ACTION ITEM => Reproduce precisely the lines of the material below from the line containing "在大会上,副校长施大宁宣读了" up to and including its last line. Pictures must not be copied.

RECORDS FOR THIS EXERCISE =>
++++++

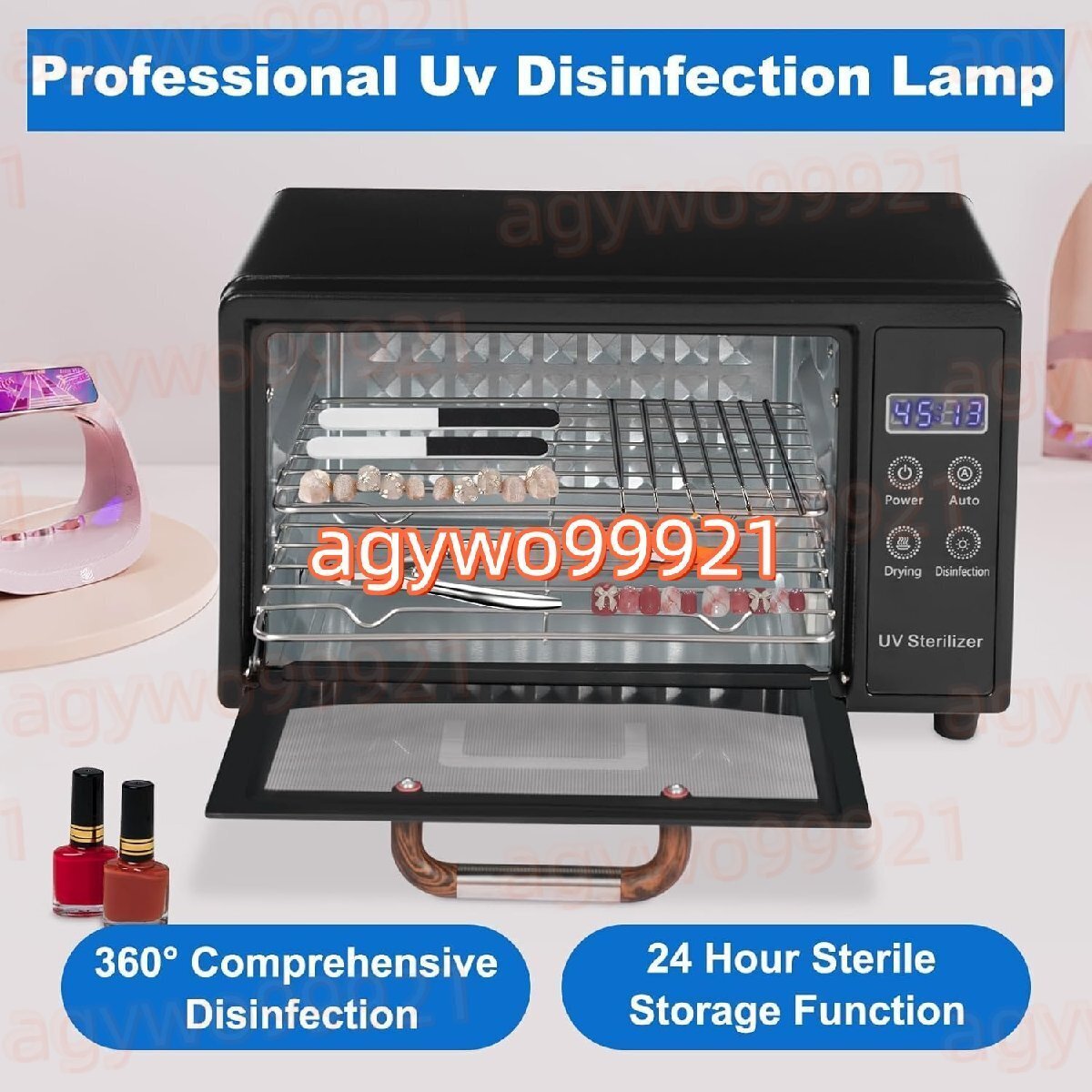 効率的な操作:この乾燥キャビネットは、内蔵UVランプと約70℃の温風を備えています。強力な乾燥技術と効果的な衛生管理を組み合わせることで、ネイルアートツールを毎回乾燥した状態に保ち、衛生的な状態を保ちます。 耐久性と安全性を兼ね備えた設計:この乾燥キャビネット 安全で便利:この乾燥キャビネットは、強化ガラス扉、側面の通気口、便利なハンドル、滑り止めマットを備え、安全性と使いやすさを最大限に高めています。スタイリッシュなデザインとLEDディスプレイが、プロフェッショナルでモダンな雰囲気を醸し出します。
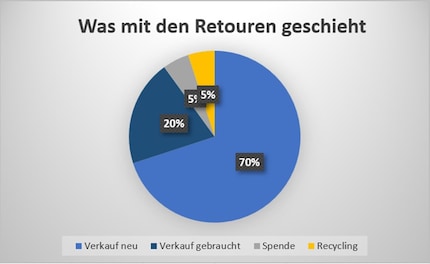 Übrig bleiben Retouren, deren Aufbereitung sich wirtschaftlich nicht lohnt sowie Hygiene und Sicherheitsprodukte. Diese machen rund ein Drittel der nicht mehr originalverpackten Retouren-Kategorie aus (10 Prozent der gesamten Retouren). «intakte Produkte, selbst wenn sie keinen Beautycontest mehr gewinnen, spenden wir nach Möglichkeit an unsere Partnerorganisationen», erklärt Lauritz weiter. «Im Durchschnitt ist dies etwa die Hälfte dieser Restgruppe, also 5 Prozent aller Retouren.» Die restlichen fünf Prozent der Retouren bleiben liegen. Auch Hygieneartikel und Sicherheitsprodukte gehören in diese Gruppe. Denn gebrauchte Zahnbürsten, beschädigte Motorradhelme oder Handyhüllen antiker Geräte, die längst nicht mehr verkauft werden, finden aus nachvollziehbaren Gründen keine Interessenten. Bei günstigen USB-Sticks z.B. steht hingegen die sichere Datenlöschung in keinem Verhältnis zum Aufwand. Diese Artikel rezyklieren wir sicher & fachgerecht. Sie kommen als Rohstoffe zurück in den Produktekreislauf.
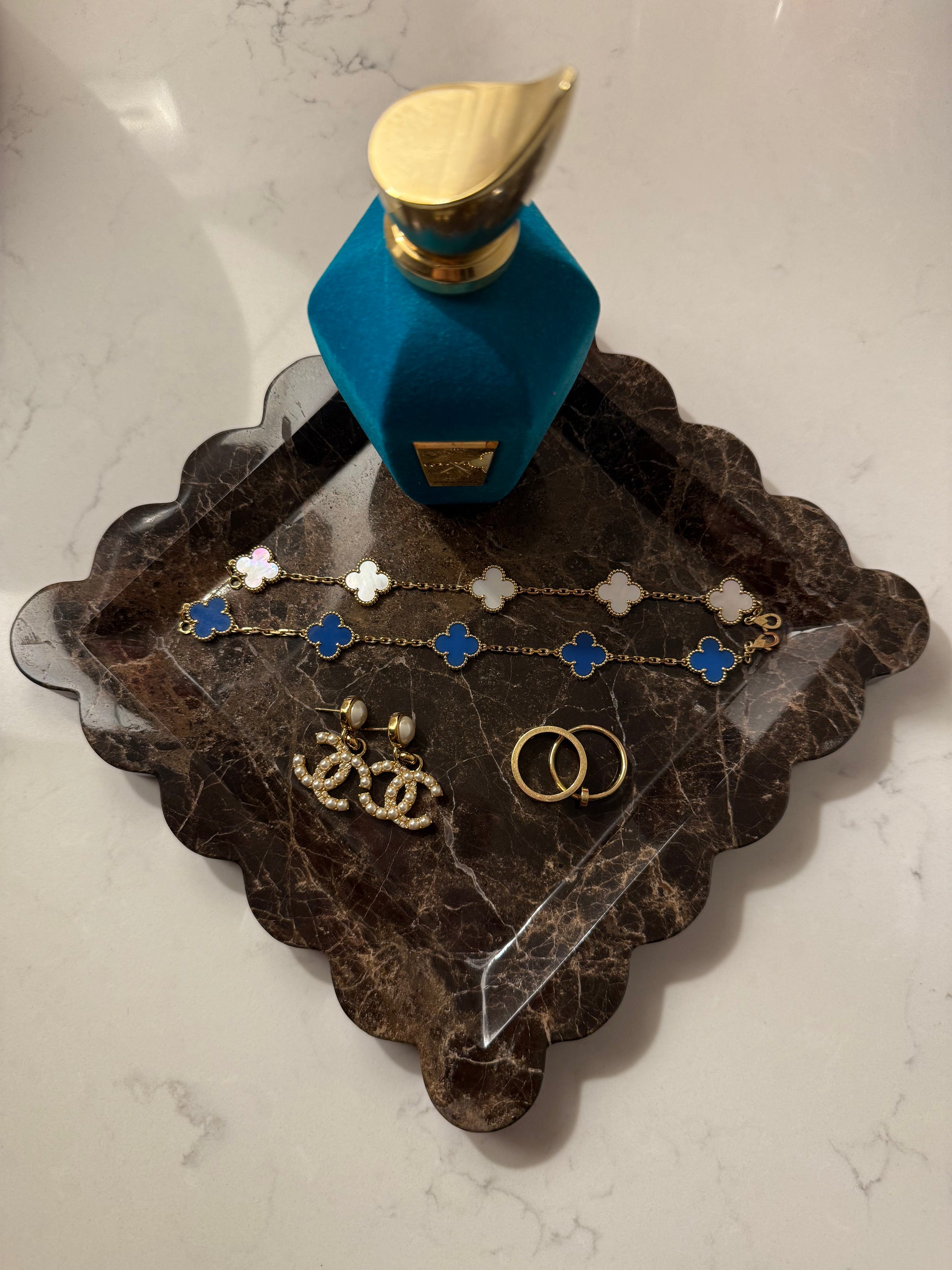 Crafted from richly veined marble, the Mocha Scalloped Tray is a sculptural accent designed to elevate everyday rituals. Its softly scalloped edges bring a sense of fluidity and romance to the natural weight of stone, while the warm mocha tones add depth and understated elegance to any surface. Perfect for styling coffee tables, vanities, bedside tables or consoles, it serves as both a functional piece and a decorative statement.
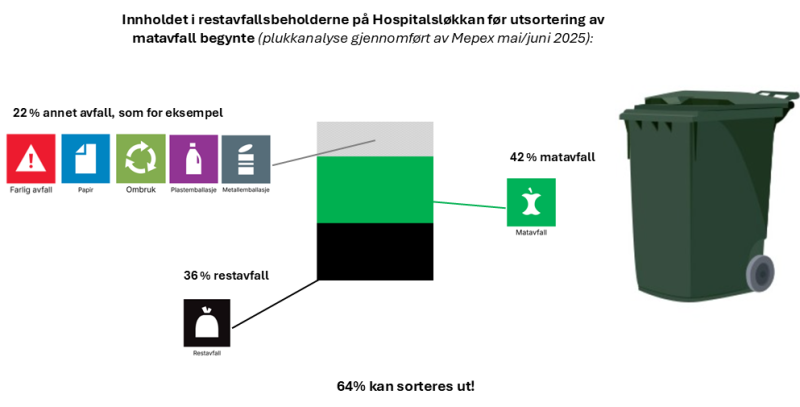 Når matavfallet går i egen beholder, blir det også mindre restavfall igjen. Fra plukkanalyser i Hospitalsløkkan fra mai i år vet vi at restavfallet inneholdt 42 prosent matavfall, målt i vekt.
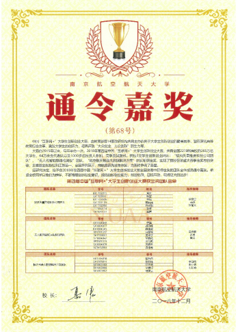 在大会上,副校长施大宁宣读了《南京航空航天大学通令嘉奖(第68号)》。花椒直播的“无人机智能频谱监测仪”团队,凭借在第四届中国“互联网+”大学生创新创业大赛中的优异表现,获得校长通令嘉奖。校党委书记郑永安、校长聂宏为花椒直播获奖团队颁奖。
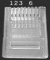 虽然从集线器或交换机到工作站的网线可以是不经任何跳线的直连线,但为了保证网络的高性能,最好同一网络采取同一种端接方式,包括信息模块和网线水晶头。水晶头和信息模块各引脚的对应顺序如图6的左、右图所示。因为在信息模块各线槽中都有相应的颜色标注,只需要选择相应的端接方式,然后按模块上的颜色标注把相应的芯线卡入相应的线槽中即可,不必去记表1所示的颜色顺序。
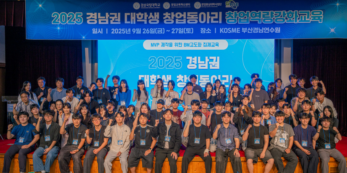 경상국립대학교(GNU·총장 권진회) 창업지원단(단장 최병근)은 9월 26~27일 중소벤처기업진흥공단 부산경남연수원(원장 정민정)에서 ‘2025 경남권 대학생 창업동아리 창업역량강화교육’을 개최했다.
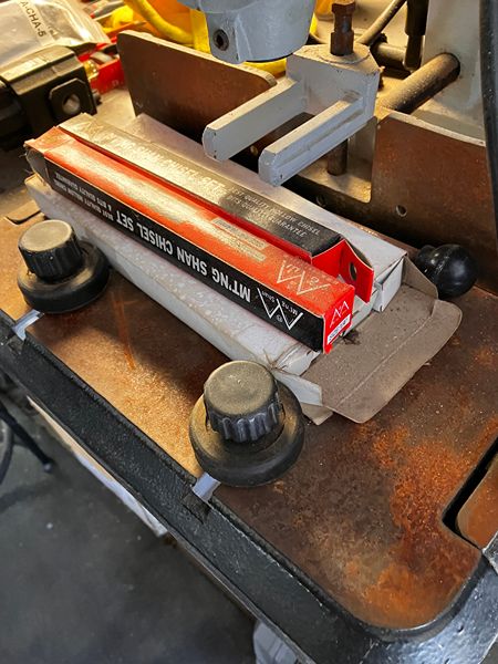 Bench top mortising machine made by Steel City comes with 6 mortising bits. Machine woorks fine
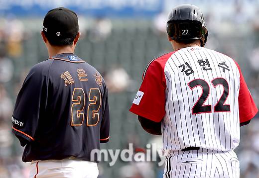 [LG 김현수와 한화 채은성은 똑같은 등번호 22번을 달고 있다. 사진 = 유진형 기자 zolong@mydaily.co.kr]

++++++

ANSWER TO THIS PROBLEM =>
 在大会上,副校长施大宁宣读了《南京航空航天大学通令嘉奖(第68号)》。花椒直播的“无人机智能频谱监测仪”团队,凭借在第四届中国“互联网+”大学生创新创业大赛中的优异表现,获得校长通令嘉奖。校党委书记郑永安、校长聂宏为花椒直播获奖团队颁奖。
 虽然从集线器或交换机到工作站的网线可以是不经任何跳线的直连线,但为了保证网络的高性能,最好同一网络采取同一种端接方式,包括信息模块和网线水晶头。水晶头和信息模块各引脚的对应顺序如图6的左、右图所示。因为在信息模块各线槽中都有相应的颜色标注,只需要选择相应的端接方式,然后按模块上的颜色标注把相应的芯线卡入相应的线槽中即可,不必去记表1所示的颜色顺序。
 경상국립대학교(GNU·총장 권진회) 창업지원단(단장 최병근)은 9월 26~27일 중소벤처기업진흥공단 부산경남연수원(원장 정민정)에서 ‘2025 경남권 대학생 창업동아리 창업역량강화교육’을 개최했다.
 Bench top mortising machine made by Steel City comes with 6 mortising bits. Machine woorks fine
 [LG 김현수와 한화 채은성은 똑같은 등번호 22번을 달고 있다. 사진 = 유진형 기자 zolong@mydaily.co.kr]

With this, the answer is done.